Não será difícil entender, agora, como faz sentido que os gnósticos elejam como seus heróis exactamente aqueles que são os vilões da ordem Javehista, já que são esses que representam, de modo especialmente conspícuo, o combate antinomianista e anti-Javehista. 

Ora, de todos estes vilões, Caim não é, com certeza, dos mais pequenos e, portanto, daí a sua relevância teológica.  

Mas a figura, ou o topos, da inversão, se assenta em si mesma como um gesto destrutivo e iconoclasta, nem por isso põe de lado a necessidade de subtis argumentações teólogicas, que exploram até ao limite interpretativo as margens, os não-ditos e as ambiguidades bíblicas mais subtis, numa reescrita infinita da Palavra de Deus. E essa reescrita infinita (que, sem dúvida, inspirou a Cabala judaica) configura, certamente uma das mais fortes relativizações e desconstruções do divino Javehista, desde logo a partir da assumpção de um certo tipo de experiência de si e do mundo só acessível a um conjunto especial de eleitos, os pneumáticos, ontologicamente e existencialmente preparados e predispostos para uma via esotérica e secreta da compreensão da Palavra, de que mesmo os textos bíblicos canónicos não deixam de dar testemunho.  

Ora, esta experiência do “estranhamento” - a fenomenologia existencial do próprio que autoriza e exige aquele giro hermenêutico tipicamente gnóstico - constitui uma “descoberta” e tematização exemplarmente novas, especificamente gnósticas, emergindo no início da EC como a experiência de que a nossa alma não é deste mundo e que nas maiores profundidades de nós mesmos existe um irredutível absoluto que quer retornar a si mesmo e que só não o faz por força do enclausuramento cosmológico.  

Por sua vez, a relevância desta experiência de estranhamento e de nihilização da existência é que ela é a condição de possibilidade da autêntica experiência religiosa de si, de re-conhecimento ou re-ligação ao seu si mesmo mais profundo, na verdade a única via necessária à autêntica experiência religiosa.     
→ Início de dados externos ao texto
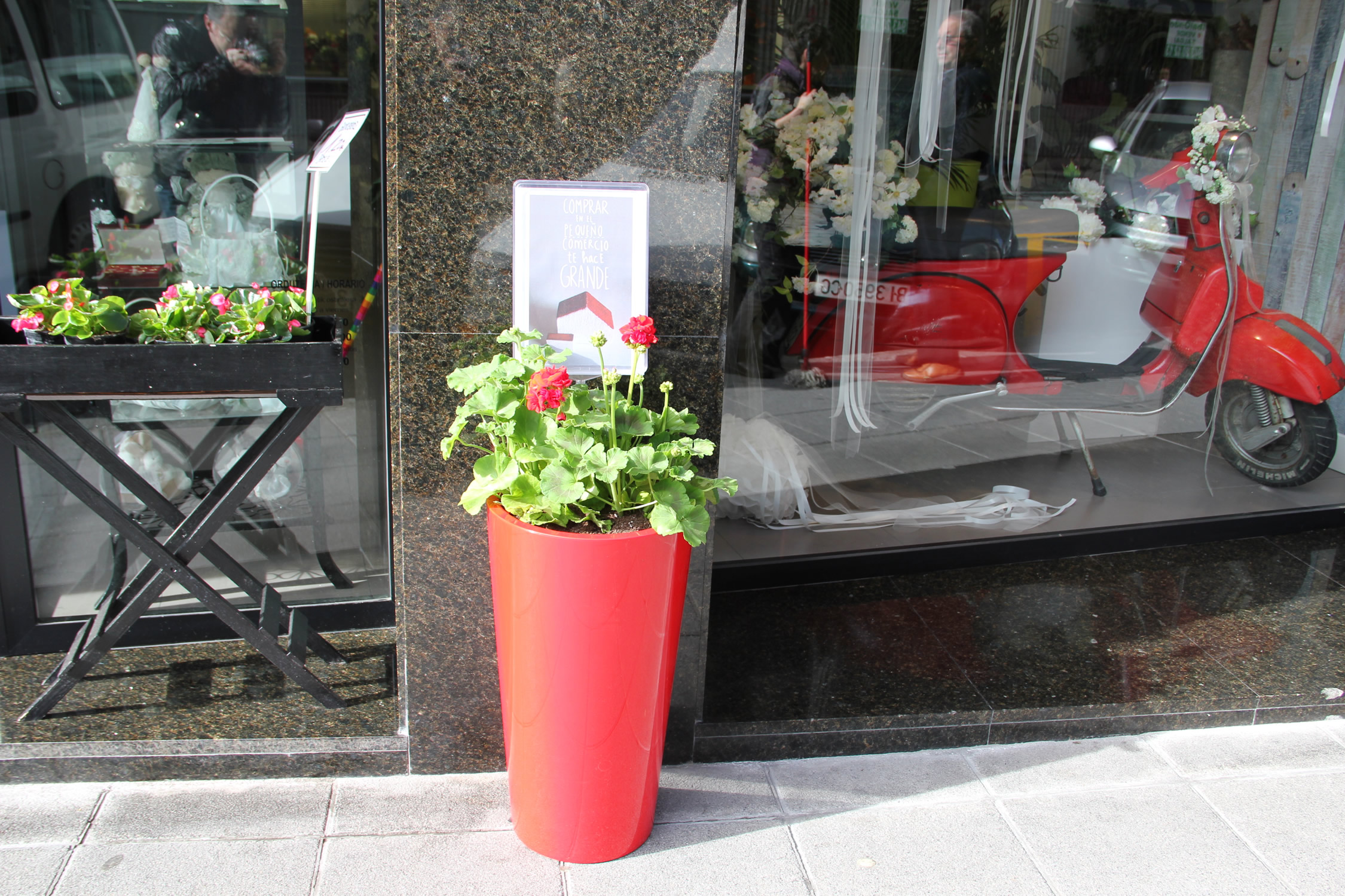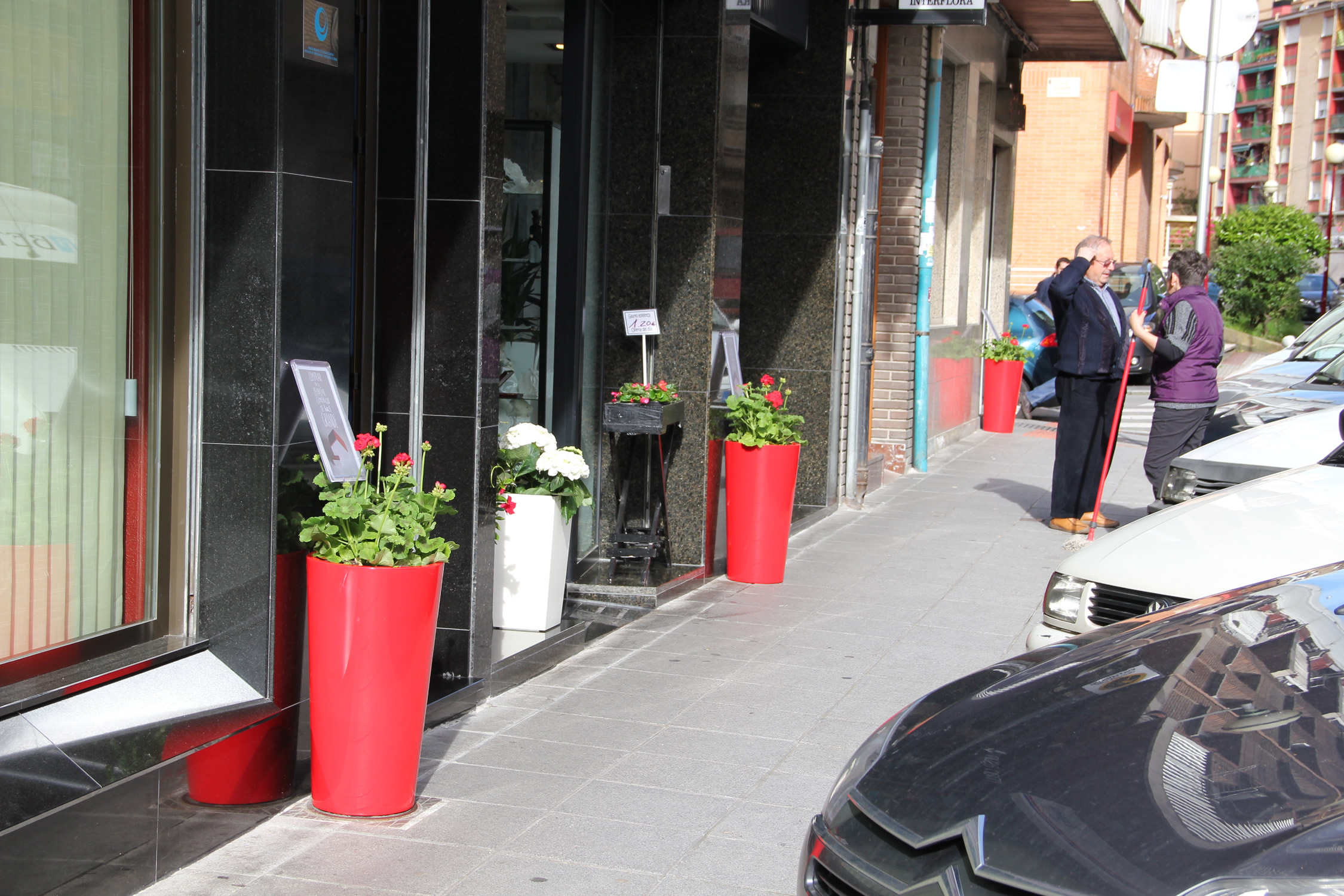 Las calles que llevan al barrio San Pelayo e integran las calles adyacentes a éste lucen muy atractivas. Diputación, la Travesia Etxarte y Zearkale desbordan color y frescura, acorde con la estación primaveral en la que nos encontramos. Establecimientos de hostelería y comercio han puesto en marcha una iniciativa para hacer más visible, si cabe, el alto número de establecimientos del tercer sector que trabajan y prestan servicio en esa zona. Desde ayer lucen ante sus locales unos llamativos tiestos de un intenso rojo con unas plantas de geranio en flor del mismo color. El adorno lleva además un cartel en el que puede leerse la siguiente leyenda: “Comprar en el pequeño comercio, te hace grande”.

Mais explicitamente, este processo experiencial de estranhamento percorre um caminho de terror, angústia, medo, crime, despertar e lucidez, que o notável Evangelho da Verdade descreve com impressionante beleza e fulgor:

“Uma vez que existia terror, perturbação, instabilidade, vacilação e discórdia, eram muitas as ilusões e as vácuas ficções que os ocupavam, como se estivessem submersos no sonho e convivessem com sonhos inquietantes. Fugiam para um qualquer lugar, ou davam a volta extenuados, depois de perseguir outros, ou agrediam, ou eram agredidos, ou caiam de grandes alturas, ou voavam pelo ar, ainda que não possuíssem asas. Por vezes, acontece-lhes como se alguém os fosse matar, ainda que ninguém os perseguisse, ou, então, como se eles próprios matassem os seus vizinhos, porque se encontravam manchados de sangue. Uma vez que os que passam por estas coisas acordam, nada vêem, ainda que estivessem no meio de todas estas confusões, uma vez que elas não existem. Semelhante é o motivo dos que rechaçaram a ignorância para longe de si, da mesma maneira que não têm em nenhuma consideração o sonho, como também não consideram as suas trinta acções como algo de sólido, mas abandonam-nas como um sonho tido durante a noite. Apreciam o conhecimento do Pai como o amanhecer. Cada um deles actuou desta maneira como quando estavam adormecidos enquanto eram ignorantes. E este é o modo como chegaram ao conhecimento, como se despertassem. Feliz será aquele que chegue a dar a volta e acorde! E bem-aventurado é o que abriu os olhos do cego. E o Espírito correu atrás dele apressando-se a acordá-lo. Tendo estendido a mão ao que jazia sobre a terra, firmou-o sobre os seus pés, porque ainda não se tinha levantado” (Ev.V, 29, 30). 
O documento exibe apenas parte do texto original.